This is the site where my great-grandmother Gatske de Jong lived and where she later sold flowers during and after World World II. Gatske was originally from Leeuwarden, Friesland before moving to Amsterdam and marrying my great-grandfather Frans Ludwig Broekveldt on April 27, 1904 – who died before my grandfather, Frans Ludwig Broekveldt II was born. She remarried Jan de Wit, a professional diamond cutter who lost an eye and became a flower merchant, and continued to live here until she died in 1960 of tuberculosis. Due to her illness, Gatske did not want to see me through a window – not being able to take me in her arms. I was ninth months old when she died on my first trip to Amsterdam.
(Documents above previously posted on Fading Ad Blog on February 26, 2009)

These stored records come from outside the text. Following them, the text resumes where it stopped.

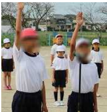
【団長の誓いの言葉で 意気込みを感じます】

地域の皆様、保護者の皆様、早朝より準備・応援・片付けまでご協力いただきまして本当にありがとうございました。
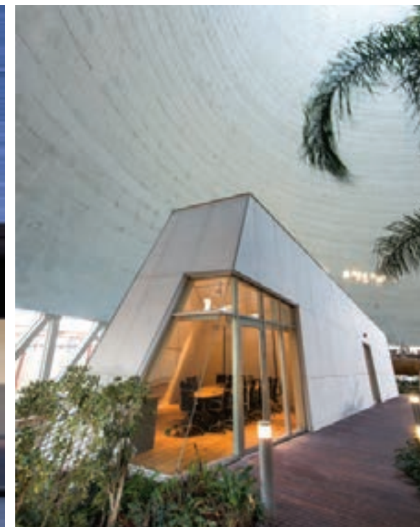
טופ 14 TOP 7
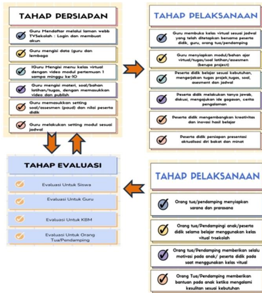
Gambar 2. Konsep Pengembangan Kelas Virtual TV Sekolah (Watini, 2023) (CD. 2)

Berdasarkan CD 2, Ada tahapan persiapan, tahap pelaksanaan dan tahap evaluasi. Tahap Persiapan meliputi : guru mendaftar melalui laman web TV Sekolah : Login dan membuat akun. Kemudian guru mengisi data guru dan lembaga. Selanjutnya guru mengisi menu kelas virtual dengan video modul pertemuan 1-10. Kemudian guru mengisi materi, soal/bahan, latihan/tugas, dengan memasukkan video dan publish. Selanjutnya guru memasukkan setting soal/assesmen PAUD dan nilai peserta didik. Dilanjutkan dengan guru melakukan setting jadwal. Pada Tahap Pelaksanaan guru membuka kelas virtual sesuai jadwal yang sudah ditetapkan bersama peserta didik, guru, orang tua/pendamping. Guru menyiapkan modul/bahan ajar virtual/tugas/soal latihan/assesmen berupa project. Peserta didik belajar sesuai kebutuhan mengerjakan tugas projek, soal/assesmen, dan jadwal. Peserta didik melakukan tanya jawab, diskusi, mengajukan ide gagasan dan cerita pengalaman. Peserta didik mengembangkan kreasi dan inovasi hasil belajar. Peserta didik melakukan persiapan aktualisasi dari bakat dan minat. Pada Tahap Pelaksanaan orang tua/ pendamping menyiapkan sarana dan prasarana. Orang tua/pendamping peserta didik selama belajar menggunakan kelas virtual per sekolah. Orang tua/pendamping peserta didik memberikan motivasi kepada anak/peserta didik, memberi bantuan kepada anak ketika mengalami kesulitan sesuai kebutuhan. Selanjutnya adalah tahap evaluasi. Evaluasi terhadap guru, anak, KBM, dan orang tua/pendamping.
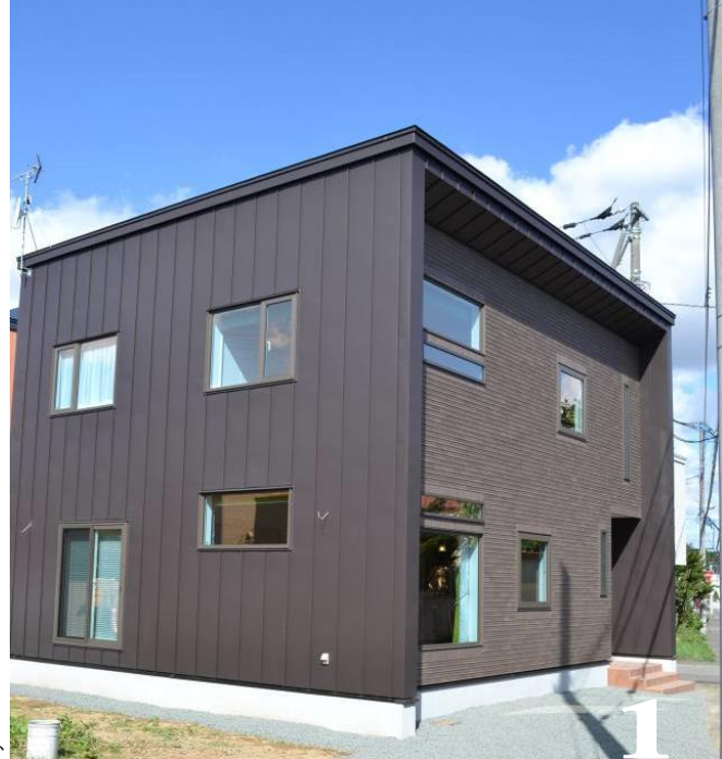
1. 打合せを重ねた窓のレイアウト、タイル施工により重厚感ある外観に。
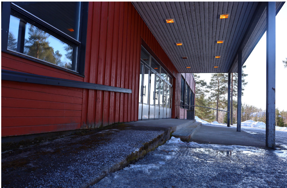
Årvasgården har bland annat fått en ramp upp till dörren för att öka tillgängligheten.
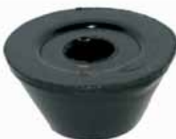
Soporte Cabina Camión (3886729)
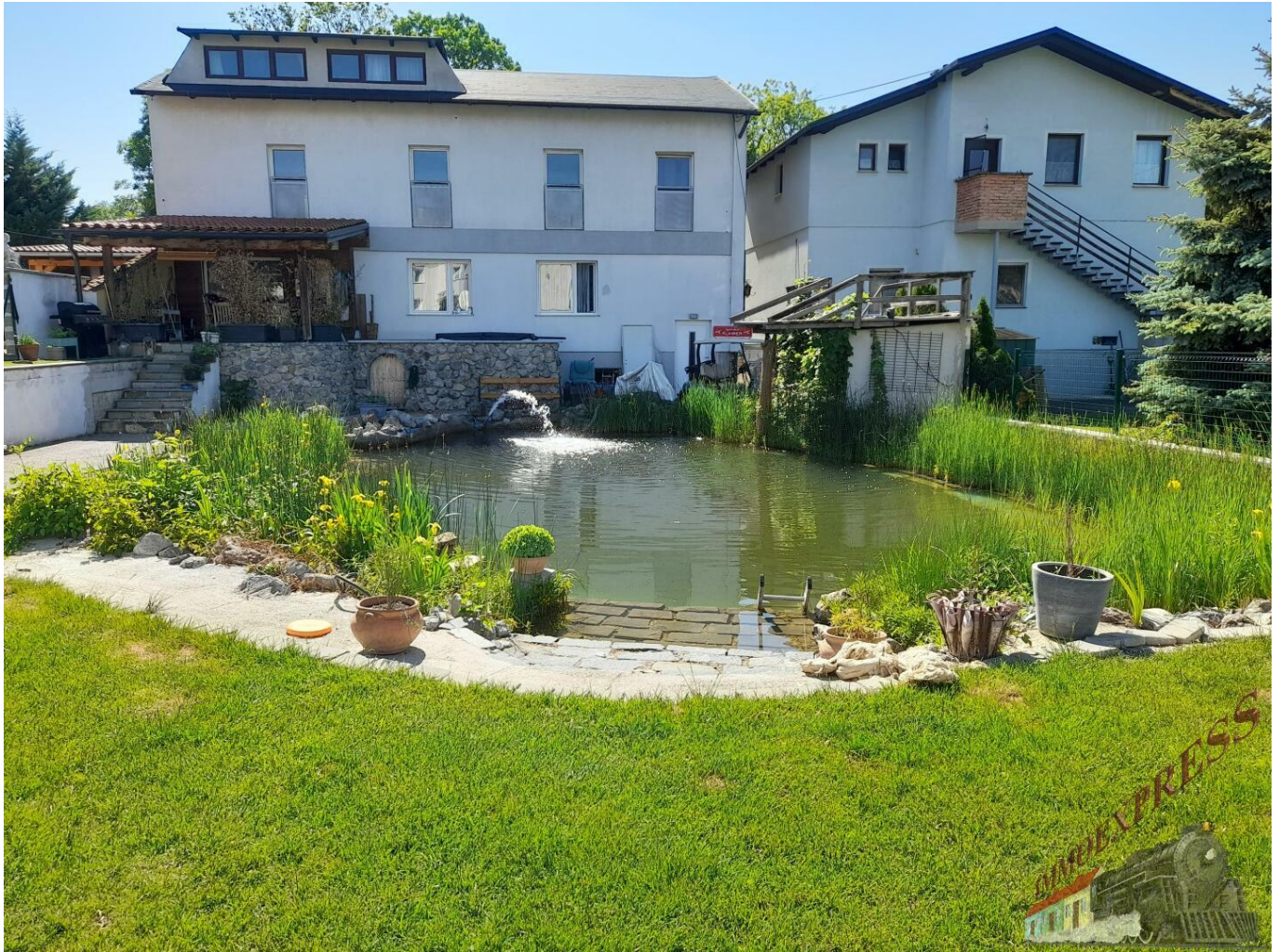
Garten mit Teich

Objektnummer: O2100160880 Eine Immobilie von Immoexpress KG

During the war, a Canadian airman was shot over Leidseplein and parachuted to uncertain safety in front Gatske’s modest little stoop, which is now next door to a headshop. Ignoring Jan de Wit’s protests about getting caught by the Germans, Gatske pulled in the Canadian arm over arm, parachute and all, and cleaned his wounds with Jonge Jenever – a Dutch gin. Gatske nursed the pilot back to health – returning him to the Dutch resistance where he disappeared into obscurity.